"Exercise Snacking" Is the Shorter, Sweeter Way to Work Out

"Exercise snacking" is the buzzy fitness trend helping you sneak more movement into your busy schedule. If you don't have time to squeeze a full-length workout into your day, exercise snacking gives you permission to break it down into smaller, "snackable" segments throughout the day. Think: a minute of jumping jacks, two minutes on the stair climber, or even 10 minutes of at-home Pilates. The ultimate goal is to disrupt sedentary time, get your heart rate up, and make it so that you don't have to restructure your entire day around your workout.

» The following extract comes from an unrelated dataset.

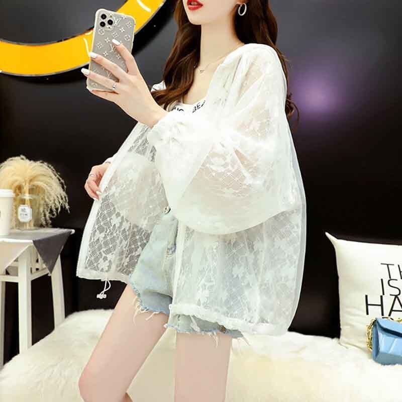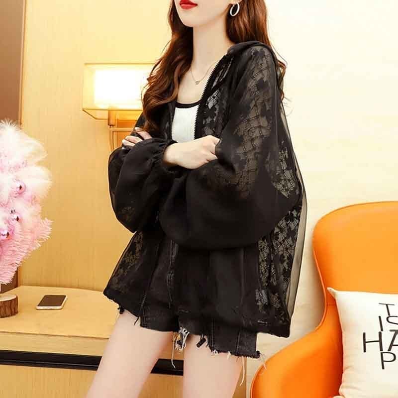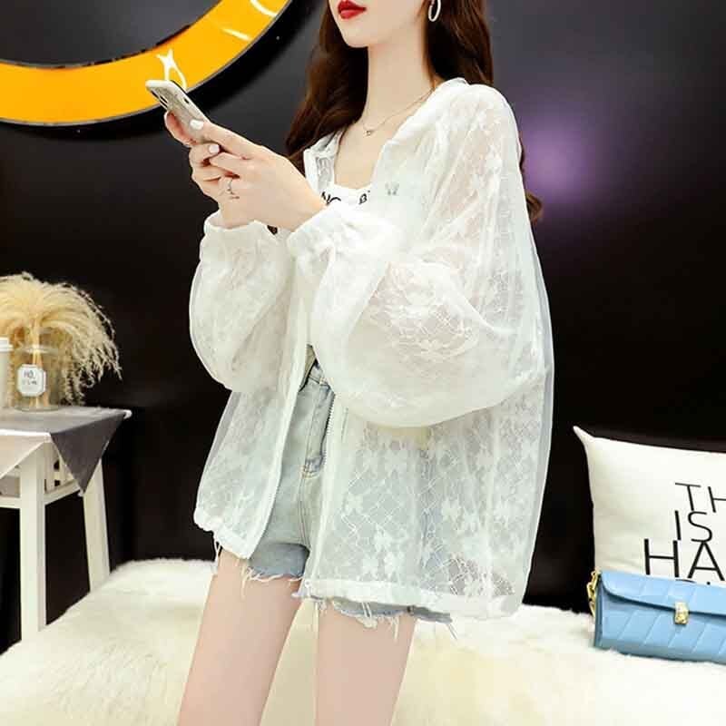 着心地抜群 透け感 日焼け対策 ランタンスリーブ ジャケット ブルゾン<ins-2924>
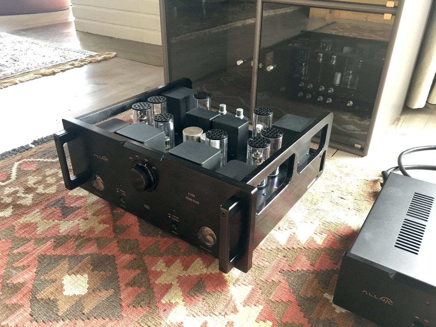 Dynavector-trafoen er tenkt mellom XV-1S og Allnic (mitt eksemplar mangler stepup). Diverse aktiviteter har resultert i at jeg ikke har kommet lenger med å koble opp Allnic. Har kjøpt nye kabler også, men ikke fått hentet ennå. Så avtales salg av Accuphase A30 og A60, de forsvant ut i går, sammen med Allnic H-1500MKII Plus, og det blusser opp i ene røret på AudioValve. Nydelig! Alt tyder på at det er mer enn bare rørfeil (ikke lenge siden jeg skiftet ett i samme posisjon så jeg er ikke forundret).

Exercise snacks may seem small, but multiple studies show that exercise snacking is just as good as it sounds. Research from the University of British Columbia (UBCO) found that exercise snacking led to improvements in aerobic fitness (comparable to the improvements seen from traditional sprint interval training). More recent findings indicate that exercise snacking may also be a more favorable way to exercise, with 71 percent of participants preferring multiple isolated exercise snacks throughout the day, rather than a single structured workout.

Read on to learn about the many benefits of exercise snacking, and find out how to make it work best for you.

What Is Exercise Snacking?

On a peer-reviewed level, exercise snacking was initially introduced in a 2014 study, but its exact definition has since evolved. Originally, exercise snacking referred to brief walking exercises done three times a day with the specific intention of improving glycemic control. Now, exercise snacks more generally describe quick bursts of movement (typically between 10 and 20 minutes, but sometimes even shorter). These so-called "snacks" are often done multiple times throughout the day, with long rest times in between, breaking up sedentary behavior and making fitness more accessible.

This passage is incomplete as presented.